• **DESCRIPTION OF THE TASK**:
Look through the entries below and count every line in which "Valuation" appears; reply with the number only.

[Collected data]

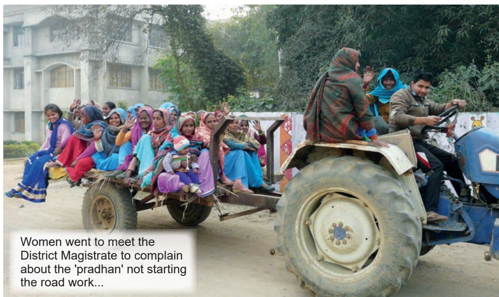
Women went to meet the District Magistrate to complain about the 'pradhan' not starting the road work...
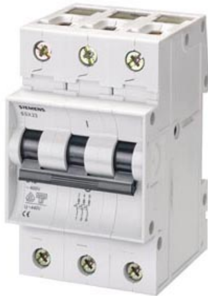
CIRCUIT BREAKER T55 400V, 6KA, 3-POLE, C, 16A
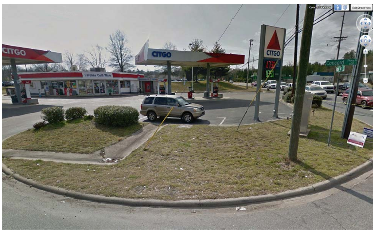
View southeastward (Google Streetview c. 2015)

This active gas station is located on south-southwestern quadrant of the intersection of US 29 & US 601 and Poplar Tent Rd. A groundwater monitoring well was observed near the store building. This site is anticipated to present low geoenvironmental impacts to the project.
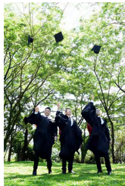
Graduates in jubilant mood
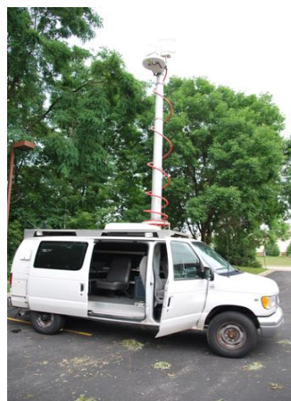
Mobile RF Surveillance Van
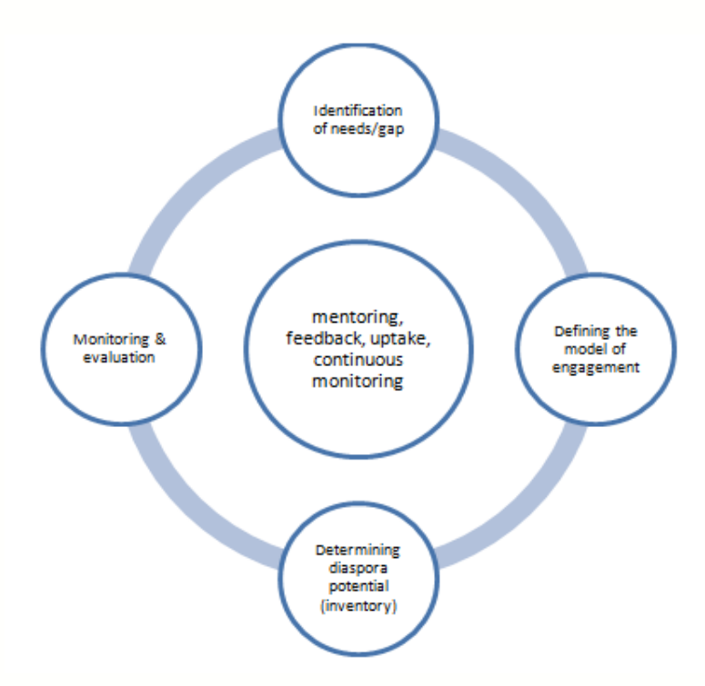
Figure 2 The implementation cycle pertaining to engaging diaspora to support specialty training in Sudan
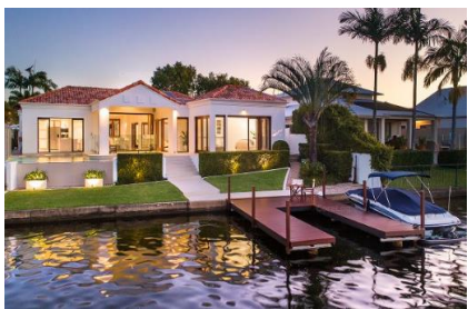
115 Shorehaven Dr | Noosa Waters 4 Bed | 3 Bath | 2 Car Sold 21/05/2021 | $4,000,000
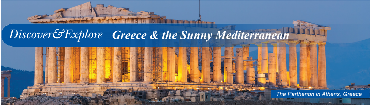
The Parthenon in Athens, Greece
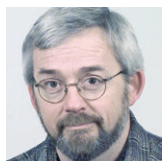
A Ted Bit: Surviving the storm
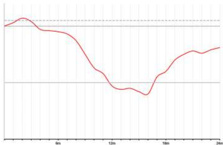
Time From Issue Date (in Months) and Valuation Dates

Example #2 – The Notes are not automatically called as the Closing Index Level on each Autocall Valuation Date is less than the Autocall Level. The Final Index Level on the Final Valuation Date is less than the Autocall Level, but greater than the Barrier Level.

• **SOLUTION FOR THIS PROBLEM**:
2